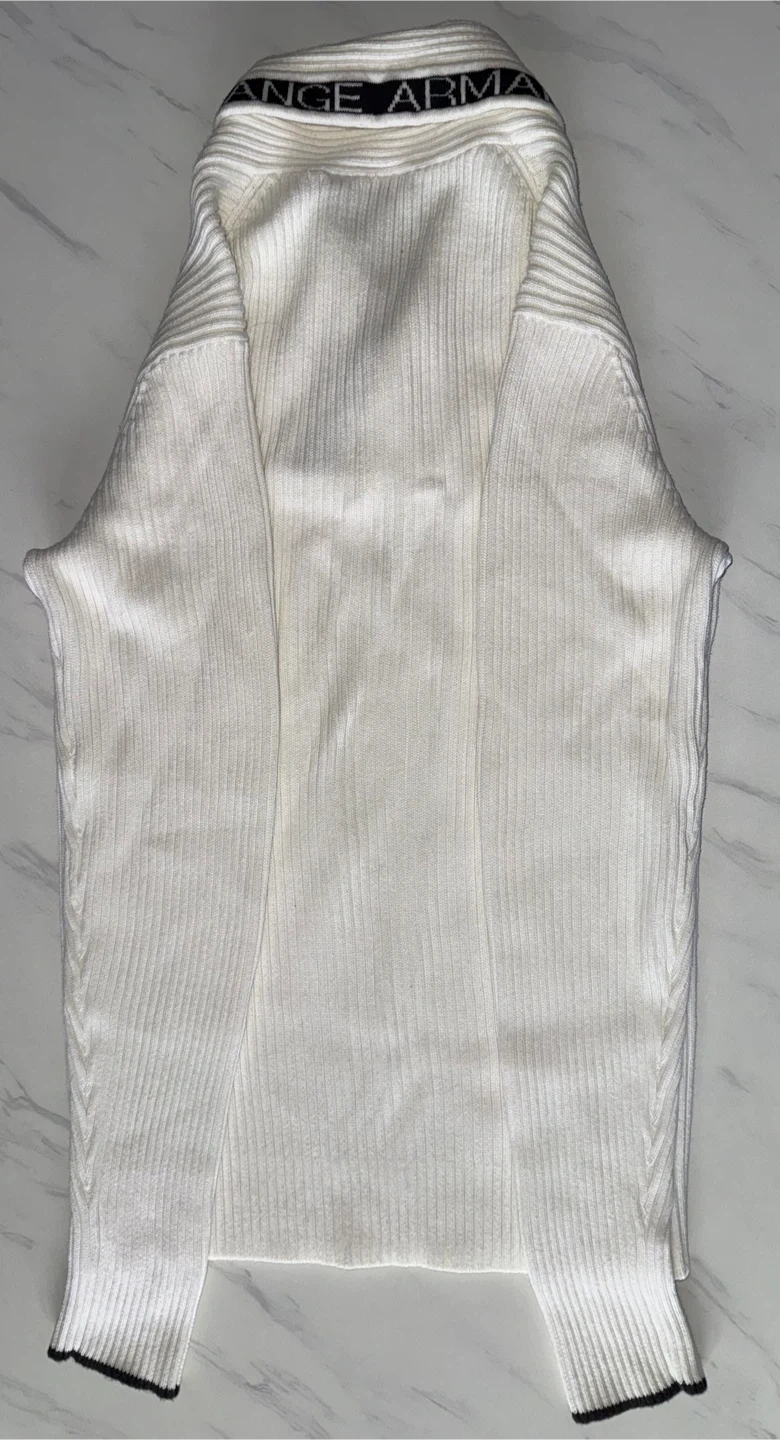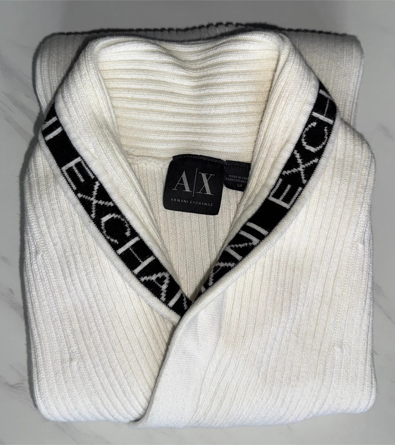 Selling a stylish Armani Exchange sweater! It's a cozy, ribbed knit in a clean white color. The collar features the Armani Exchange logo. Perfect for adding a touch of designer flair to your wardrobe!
---
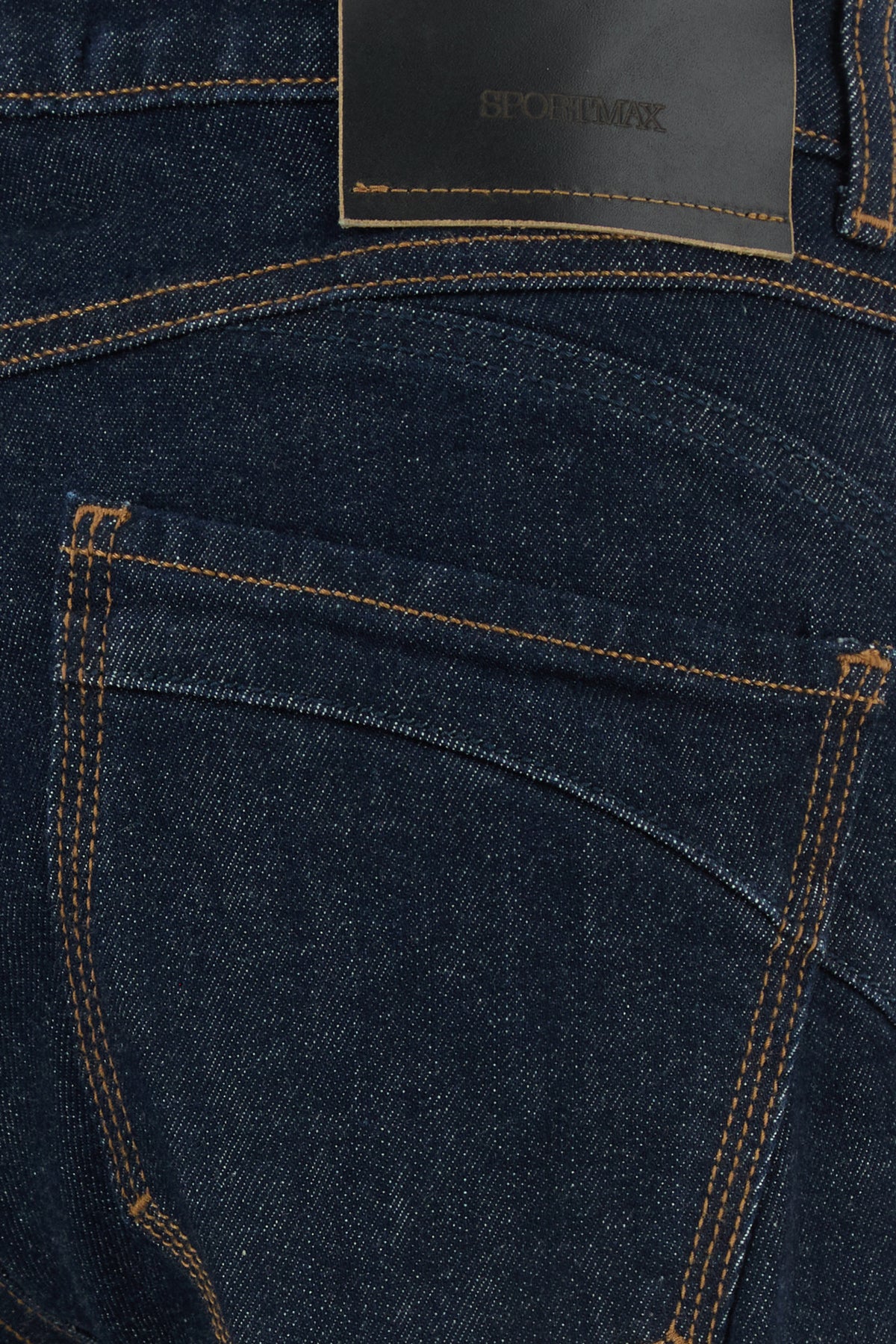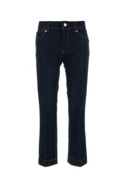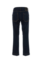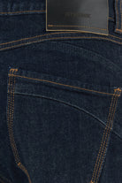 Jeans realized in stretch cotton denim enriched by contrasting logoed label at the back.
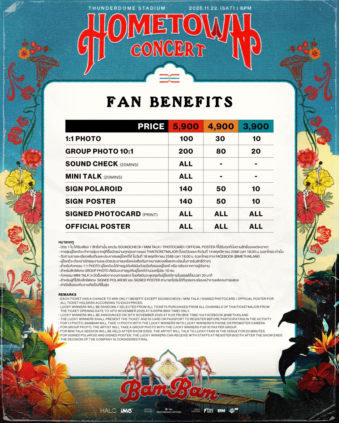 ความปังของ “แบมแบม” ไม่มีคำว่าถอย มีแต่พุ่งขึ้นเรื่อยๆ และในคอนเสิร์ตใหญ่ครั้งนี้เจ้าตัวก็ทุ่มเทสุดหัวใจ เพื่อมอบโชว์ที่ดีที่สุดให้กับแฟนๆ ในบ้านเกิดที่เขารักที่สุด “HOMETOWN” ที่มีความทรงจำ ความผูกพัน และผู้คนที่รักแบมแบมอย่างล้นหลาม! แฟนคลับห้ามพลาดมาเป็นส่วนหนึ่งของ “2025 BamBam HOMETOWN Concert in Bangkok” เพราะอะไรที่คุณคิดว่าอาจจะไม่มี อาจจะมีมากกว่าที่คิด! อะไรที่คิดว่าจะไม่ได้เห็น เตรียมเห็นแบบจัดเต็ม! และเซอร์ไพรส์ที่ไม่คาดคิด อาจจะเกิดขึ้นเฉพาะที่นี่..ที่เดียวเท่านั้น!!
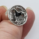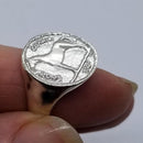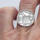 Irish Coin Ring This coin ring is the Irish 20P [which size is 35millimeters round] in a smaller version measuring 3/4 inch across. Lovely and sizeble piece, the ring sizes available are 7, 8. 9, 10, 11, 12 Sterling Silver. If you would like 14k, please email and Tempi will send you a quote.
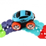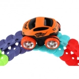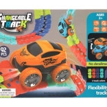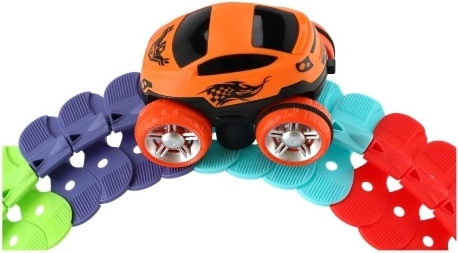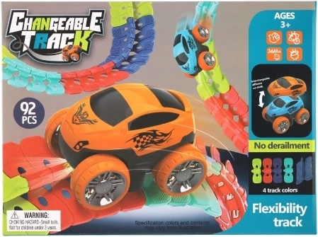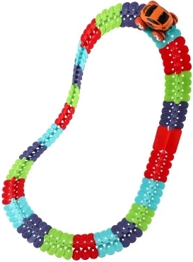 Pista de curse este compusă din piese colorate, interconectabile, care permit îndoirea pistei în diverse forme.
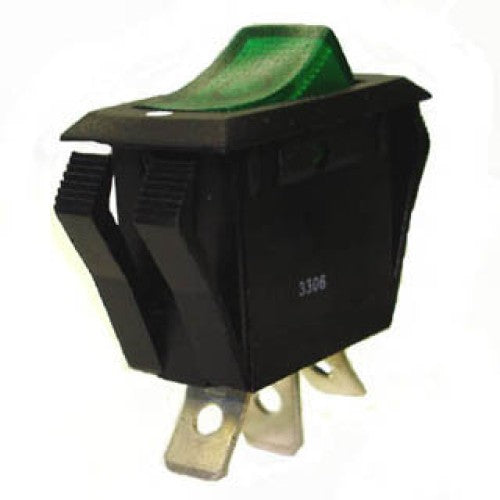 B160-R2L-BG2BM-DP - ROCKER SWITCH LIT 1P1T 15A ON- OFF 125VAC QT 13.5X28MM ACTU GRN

● **Work order**: Leaving every picture aside, reproduce exactly the lines above from the one with "ที่มีความทรงจำ ความผูกพัน และผู้คนที่รักแบมแบมอย่างล้นหลาม!" up to and including the one with "Pista de curse", and no others.

● **Solution to this exercise**:
 ความปังของ “แบมแบม” ไม่มีคำว่าถอย มีแต่พุ่งขึ้นเรื่อยๆ และในคอนเสิร์ตใหญ่ครั้งนี้เจ้าตัวก็ทุ่มเทสุดหัวใจ เพื่อมอบโชว์ที่ดีที่สุดให้กับแฟนๆ ในบ้านเกิดที่เขารักที่สุด “HOMETOWN” ที่มีความทรงจำ ความผูกพัน และผู้คนที่รักแบมแบมอย่างล้นหลาม! แฟนคลับห้ามพลาดมาเป็นส่วนหนึ่งของ “2025 BamBam HOMETOWN Concert in Bangkok” เพราะอะไรที่คุณคิดว่าอาจจะไม่มี อาจจะมีมากกว่าที่คิด! อะไรที่คิดว่าจะไม่ได้เห็น เตรียมเห็นแบบจัดเต็ม! และเซอร์ไพรส์ที่ไม่คาดคิด อาจจะเกิดขึ้นเฉพาะที่นี่..ที่เดียวเท่านั้น!!
 Irish Coin Ring This coin ring is the Irish 20P [which size is 35millimeters round] in a smaller version measuring 3/4 inch across. Lovely and sizeble piece, the ring sizes available are 7, 8. 9, 10, 11, 12 Sterling Silver. If you would like 14k, please email and Tempi will send you a quote.
 Pista de curse este compusă din piese colorate, interconectabile, care permit îndoirea pistei în diverse forme.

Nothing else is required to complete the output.